Investment Scenario and Fundamentals Analysis for NOVANTRONE (Mitoxantrone)

Last updated: February 20, 2026

What is NOVANTRONE’s current market position and pipeline status?

NOVANTRONE (Mitoxantrone) is an anthracenedione chemotherapeutic agent indicated primarily for multiple sclerosis (MS) and certain cancers. Manufactured by Bergen Griffin Corporation in the US and marketed globally. Its primary use in MS is for secondary progressive forms and worsening relapsing-remitting disease, particularly in patients unresponsive to first-line therapies.

Despite competition from newer MS agents (e.g., ocrelizumab, siponimod), NOVANTRONE maintains a niche due to its established efficacy, especially in treatment-refractory populations.

The drug's patent protection has expired in some regions, making it available as a generic. There is no active pipeline for NOVANTRONE, limiting future revenue growth potential. Regulatory authorities have approved it for specific indications with a stable market footprint.

How does NOVANTRONE perform financially and in market share?

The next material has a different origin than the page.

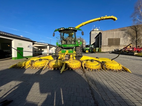 Selbstfahrender Feldhäcksler Hersteller: John Deere Modell: 9800 Baujahr/Modelljahr: 2021 Seriennummer: 1Z09800YHMU621512 Erfassungsnummer: 535759 Motorstunden: 1200 h Trommelstunden: 700 h V12 Liebherr Motor mit 24,2 Liter Hubraum Leistung: 640 KW / 870 PS Ausstattung: 1222 Premium-Sitz mit Lederbezug 1320 2 Rückspiegel, elektrisch einstellbar und beheizbar 1378 Premium-Beleuchtungspaket (LED) 1415 Premium-Radiopaket 1611 Feuerlöscher-Paket 1773 " I" -CompleteSF1 1785 Lenksystemvorbereitung 1881 StarFire 6000-Empfänger SF1 191D GreenStar Display 2630 (armlehnenmontiert) 1979 Premium-Aktivierung 3.0 4640 Gen. 2063 ProDrive-Getriebe in 40-km/h-Ausführung (25 mph) 2415 Automatische Erntevorsatzführung (AHC) 2425 Automatische Zapfwellenkupplung für Erntevorsatzantrieb 2431 Dualer Erntevorsatzantrieb 2723 Dura Line Ultimate 4006 Messerhalterung für Dura-Drum-Messertrommel 4017 Grasmesser und DuraLine Plus-Gegenschneide 4070 Dura Line-Messerhalterung 6420 Halbautomatische Anhängevorrichtung 6616 VF 620/75 R32 Michelin AxioBib 2 670C VF 800/70 R38 Michelin AxioBib 2 7382 Zusätzliche Plattengewichte mit 720 kg Zusatzgewichte 8112 Automatische Auswurfkrümmerpositionierung Vorbereitung 8117 Auswurfkrümmer-Kamera 8133 Bordsteinspiegel 8139 Kühlbox 607 8140 Heck- und Seitenscheibenwisch- und -waschanlage 8141 Heckkamera 8142 Deluxe-Servicebeleuchtungspaket 8144 Display-Montageschiene 8148 Premium-Arbeitsscheinwerferpaket (LED-Ausführung) 8185 HarvestLab 3000 8315 Verstärkte Vorpresswalze vorn unten 8318 Steinschutzleiste 8319 Steindetektionssystem 8320 Vorpresswalzen-Schutzabdeckung 8376 Elektrische Spaltverstellung für Körnerprozessor 8380 Kran zum Körnerprozessorausbau mit elektrischer Winde 8426 Hochleistungsantrieb für Erntevorsatz. 8534 Vorbereitung für aus- und einklappbaren Auswurfkrümmer 8535 ProTouch 8602 Zusatzsteuergeräteanschluss hinten 8672 Zwei Unterlegkeile mit Halterung 8715 Chrom-Auspuffrohr 8720 Signalhorn 8784 LED-Rundumleuchten 8801 Siliermittelbehälter und -dosiersystem, werkseitig 9325 Zusätzlicher Körnerblechsatz (beiliegend) 9389 Drehzahldifferenzial 40% 9417 Messersatz mit 70 Maismessern 9420 Maisgegenschneide 9552 Ausklappbare Verlängerung für 12Reihen Maisgebiss und Maisausrüstung sowie Pick-up gegen Mehrpreis erhältlich Standort: D-88422 Kanzach Ihr Ansprechpartner: Frank Linzenmeyer Tel: 01 71 7 45 63 72 oder Andreas Neher 01 74 21 71 478 Allrad = Ja Antrieb = hydrostatisch Arbeitsbreite = Trommel autom. Anhängevorrichtung = Ja Autopilot = Ja Bordcomputer = Ja elektr. Gegenschneide = Ja elektr. Schleifeinrichtung = Ja Grasvorrichtung = Ja Hektarzähler = Ja Kabine = Ja Klimaanlage = Ja Reifen-h = VF 620/75 R32 Reifen-h % = 90 Reifen-v = VF 800/70 R38 Reifen-v % = 90 Trommelstunden = 700 Zentralschmierung = Ja Zusatzgewichte KG ges. = 1000 Zusatzgewichte Stk = 10Kontaktdaten:

Global sales estimates approximate at $50 million annually, primarily driven by US prescriptions, with minimal contribution from other regions.
Market share in MS treatments remains around 5-7%, constrained by newer biologics and monoclonal antibodies.
Pricing per vial averages $1,200–$1,800, influenced by regional healthcare policies and generic availability.
Recent sales figures show a decline of approximately 10% per annum over the last three years, reflecting increased competition and safety concerns.

What are the key clinical and safety considerations?

Efficacy: Effective in reducing relapse rates in certain MS subtypes, with a well-documented long-term safety profile.
Safety profile: Cardiotoxicity and secondary leukemia pose significant risks. These adverse effects limit broader usage and duration of therapy.
Regulatory status: No recent approvals or label expansions; safety concerns restrict off-label use.

How do regulatory and patent factors impact investment prospects?

Patent expiry in key markets (e.g., US in 2009, Europe in 2010) facilitated generic entry, eroding revenue.
No ongoing regulatory enhancements, new indications, or label expansions reduce the likelihood of revenue growth.
Market dynamics favor generic sterility, with key competitors offering alternative MS treatments with better safety profiles.

What is the competitive landscape?

Competitor	Therapeutic class	Market share in MS	Key differentiator
Ocrelizumab	Anti-CD20 monoclonal antibody	25%	Superior safety profile, efficacy in primary progressive MS
Siponimod	Sphingosine 1-phosphate receptor modulator	10%	Oral administration, favorable safety
Mitoxantrone	Chemotherapy agent	5-7%	Cost-effective for refractory cases, long-term safety issues

What investment considerations arise from drug safety and market dynamics?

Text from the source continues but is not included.